Dataset START

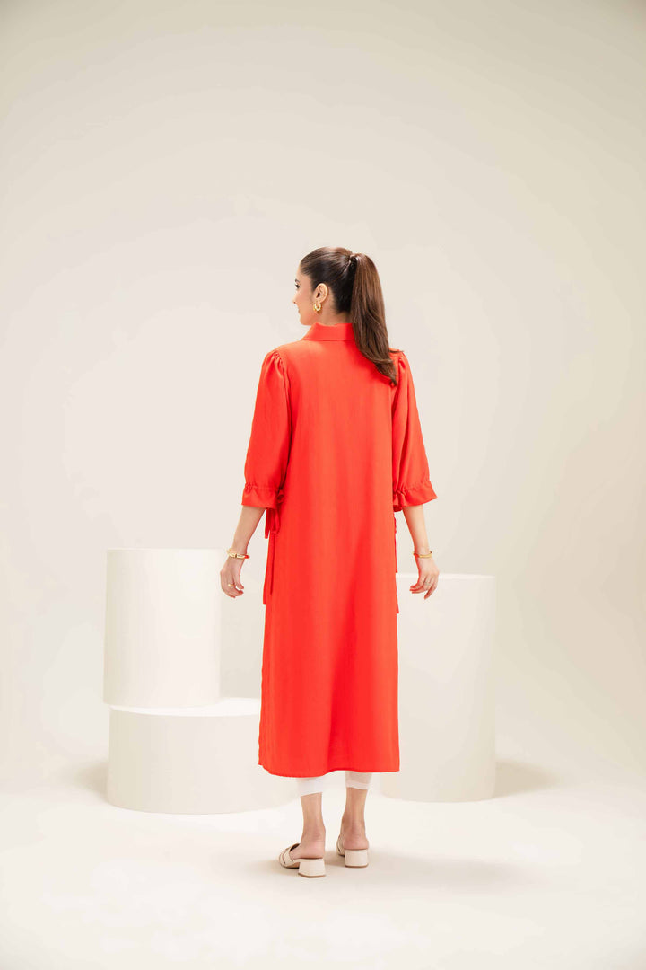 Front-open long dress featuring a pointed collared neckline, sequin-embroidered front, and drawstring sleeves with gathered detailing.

Dataset END
Dataset START

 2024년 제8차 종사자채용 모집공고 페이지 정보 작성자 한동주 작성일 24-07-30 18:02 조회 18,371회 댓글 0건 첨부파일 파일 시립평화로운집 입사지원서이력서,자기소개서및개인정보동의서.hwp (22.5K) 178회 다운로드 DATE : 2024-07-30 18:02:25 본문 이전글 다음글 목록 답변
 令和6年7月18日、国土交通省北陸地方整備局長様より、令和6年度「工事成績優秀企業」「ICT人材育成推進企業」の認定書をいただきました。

Dataset END
Dataset START

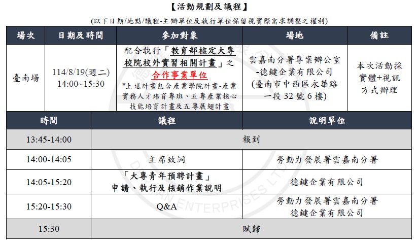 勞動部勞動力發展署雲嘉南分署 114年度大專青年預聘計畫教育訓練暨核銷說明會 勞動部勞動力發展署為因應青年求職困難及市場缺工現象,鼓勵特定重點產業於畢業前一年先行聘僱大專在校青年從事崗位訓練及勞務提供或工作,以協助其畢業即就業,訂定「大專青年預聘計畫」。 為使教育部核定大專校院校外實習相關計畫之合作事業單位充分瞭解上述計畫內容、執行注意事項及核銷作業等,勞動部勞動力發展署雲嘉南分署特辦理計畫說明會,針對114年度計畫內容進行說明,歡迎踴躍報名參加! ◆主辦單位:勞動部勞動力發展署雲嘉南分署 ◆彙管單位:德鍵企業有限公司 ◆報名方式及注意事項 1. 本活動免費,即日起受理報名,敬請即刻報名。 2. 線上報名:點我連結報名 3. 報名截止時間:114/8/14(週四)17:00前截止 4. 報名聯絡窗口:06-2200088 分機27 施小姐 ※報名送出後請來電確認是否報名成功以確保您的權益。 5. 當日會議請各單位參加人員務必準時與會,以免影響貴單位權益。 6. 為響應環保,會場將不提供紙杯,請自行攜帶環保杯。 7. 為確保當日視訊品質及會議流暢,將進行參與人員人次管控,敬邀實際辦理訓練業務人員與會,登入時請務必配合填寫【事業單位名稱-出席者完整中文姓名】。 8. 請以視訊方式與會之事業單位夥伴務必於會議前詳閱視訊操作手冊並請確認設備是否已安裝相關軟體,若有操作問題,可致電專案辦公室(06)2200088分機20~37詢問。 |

Dataset END

§ **Task details**: Your answer should consist only of the lines above between the line holding "2024년 제8차 종사자채용" and the line holding "令和6年7月18日、国土交通", inclusive, each transcribed exactly.

§ **Solution for this exercise**:
 2024년 제8차 종사자채용 모집공고 페이지 정보 작성자 한동주 작성일 24-07-30 18:02 조회 18,371회 댓글 0건 첨부파일 파일 시립평화로운집 입사지원서이력서,자기소개서및개인정보동의서.hwp (22.5K) 178회 다운로드 DATE : 2024-07-30 18:02:25 본문 이전글 다음글 목록 답변
 令和6年7月18日、国土交通省北陸地方整備局長様より、令和6年度「工事成績優秀企業」「ICT人材育成推進企業」の認定書をいただきました。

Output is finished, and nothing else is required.